▶ [Information]
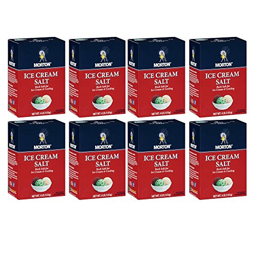 8 boxes of Morton Salt used for Ice Cream, and/or melting ice and Snow. Morton Ice Cream Salt can be mixed with ice for freezing delicious homemade desserts to rival any ice cream shop.Rich, homemade ice cream is as easy as mixing ingredients together and pouring into an ice cream maker lined with Morton Ice Cream Salt. For over 160 years, Morton is the authority on salt.Feature
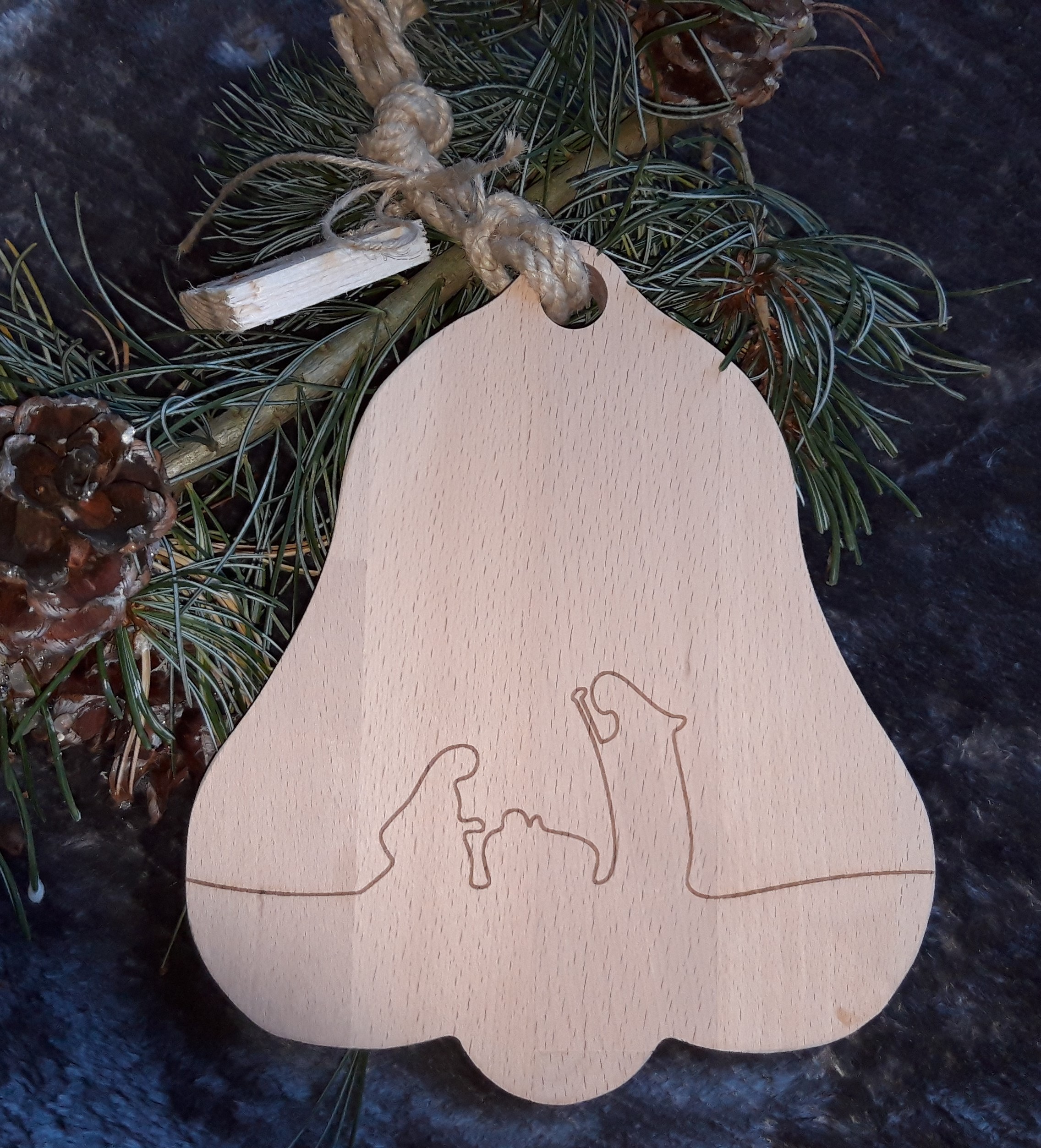 Houten kerkklok met afbeelding van de stal. Handgemaakt door mensen die begeleid worden in onze samenleving. Incl. robuust touw. Gemaakt met een Hart.
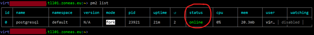 Pagaidi 3–4 minūtes, līdz pm2 list čaulā parāda postgresql lietotnes statusu: online.
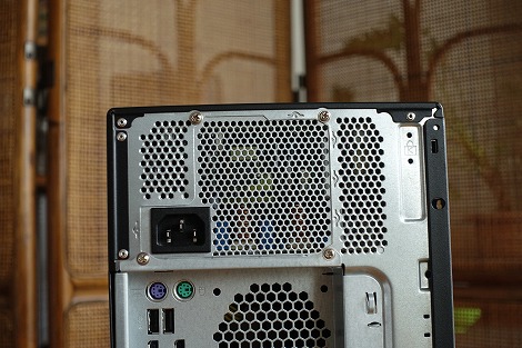 背面部の通気孔は大きめにとられており、排熱に配慮した設計になっています。
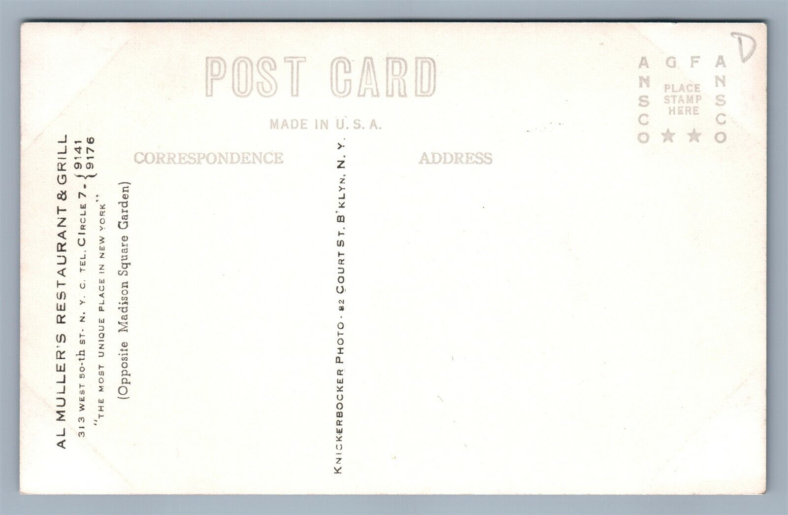NEW YORK CITY AL MULLER'S RESTAURANT & GRILL VINTAGE REAL PHOTO POSTCARD RPPC
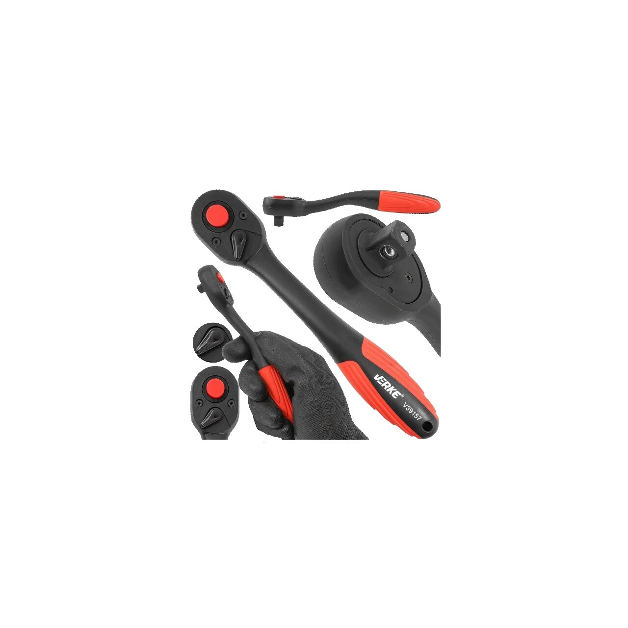 Cheia tubulară are un mecanism care transferă un cuplu mare pătratului, un comutator de viteză R/L situat în cap și un buton de eliberare a cheii.
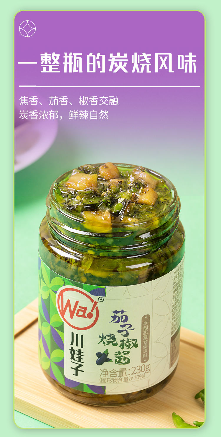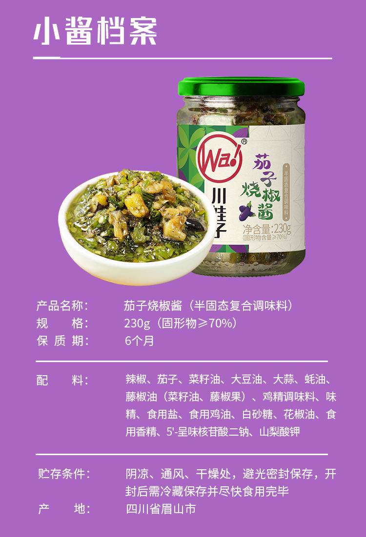 商品名称:川娃子茄子烧椒酱230g*4瓶
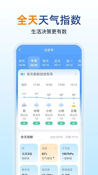 5、运动健身锻炼方面:为您提供紫外线、风速、体感温度等专业数据,帮助您科学地规划运动项目与时间。
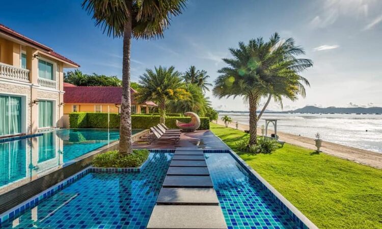 The luxury two-storey villa offers a large swimming pool, elegant living area and expansive terrace for
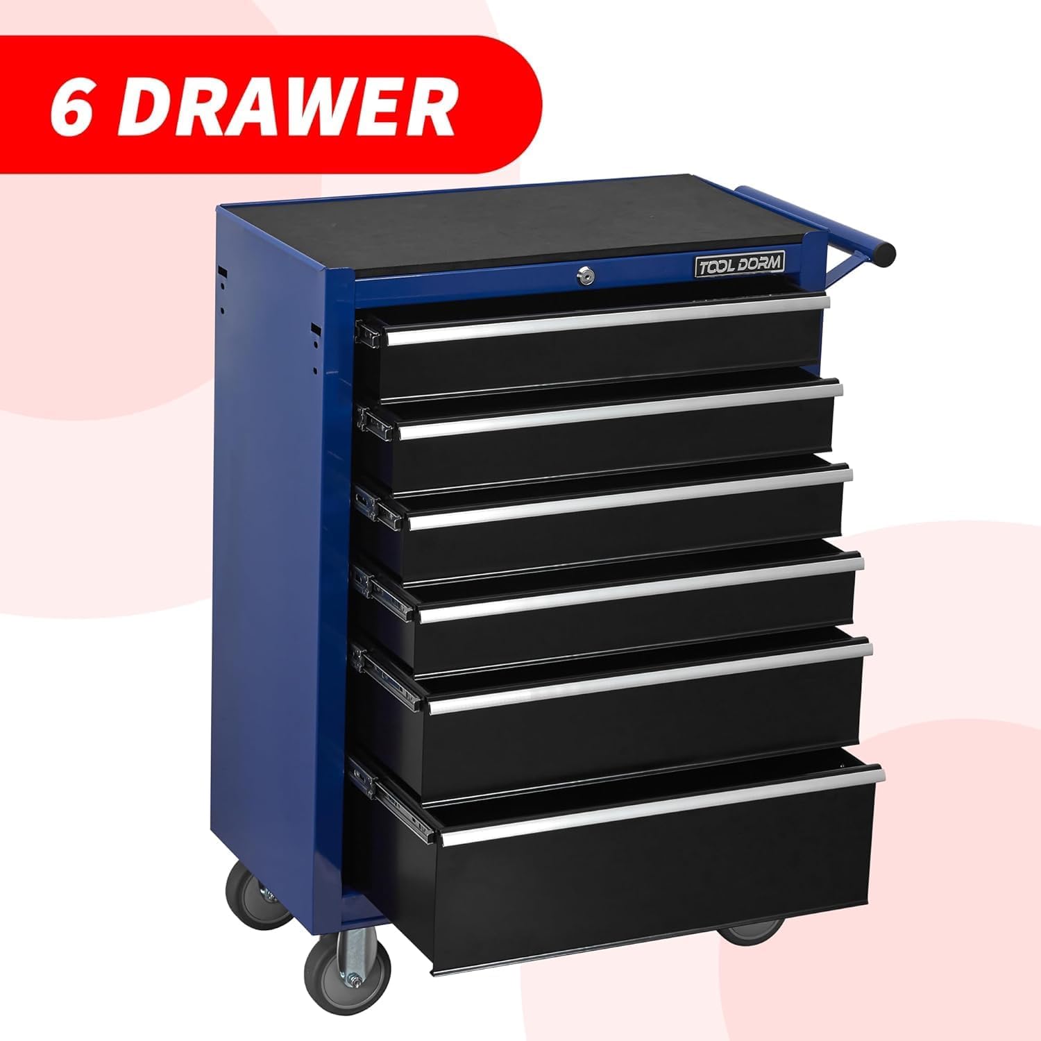 6-Drawer Rolling Tool Chest with Locking Wheels & Drawers, 13" D x 24.2" W x 36.6" H Mobile Tool Storage Cabinet, Heavy-Duty Garage Organizer w/Ergonomic Handle

▶ [Instructions to follow] To complete the exercise, return the listing above exactly and omit its pictures.

▶ [Exercise answer]
 8 boxes of Morton Salt used for Ice Cream, and/or melting ice and Snow. Morton Ice Cream Salt can be mixed with ice for freezing delicious homemade desserts to rival any ice cream shop.Rich, homemade ice cream is as easy as mixing ingredients together and pouring into an ice cream maker lined with Morton Ice Cream Salt. For over 160 years, Morton is the authority on salt.Feature
 Houten kerkklok met afbeelding van de stal. Handgemaakt door mensen die begeleid worden in onze samenleving. Incl. robuust touw. Gemaakt met een Hart.
 Pagaidi 3–4 minūtes, līdz pm2 list čaulā parāda postgresql lietotnes statusu: online.
 背面部の通気孔は大きめにとられており、排熱に配慮した設計になっています。
NEW YORK CITY AL MULLER'S RESTAURANT & GRILL VINTAGE REAL PHOTO POSTCARD RPPC
 Cheia tubulară are un mecanism care transferă un cuplu mare pătratului, un comutator de viteză R/L situat în cap și un buton de eliberare a cheii.
 商品名称:川娃子茄子烧椒酱230g*4瓶
 5、运动健身锻炼方面:为您提供紫外线、风速、体感温度等专业数据,帮助您科学地规划运动项目与时间。
 The luxury two-storey villa offers a large swimming pool, elegant living area and expansive terrace for
 6-Drawer Rolling Tool Chest with Locking Wheels & Drawers, 13" D x 24.2" W x 36.6" H Mobile Tool Storage Cabinet, Heavy-Duty Garage Organizer w/Ergonomic Handle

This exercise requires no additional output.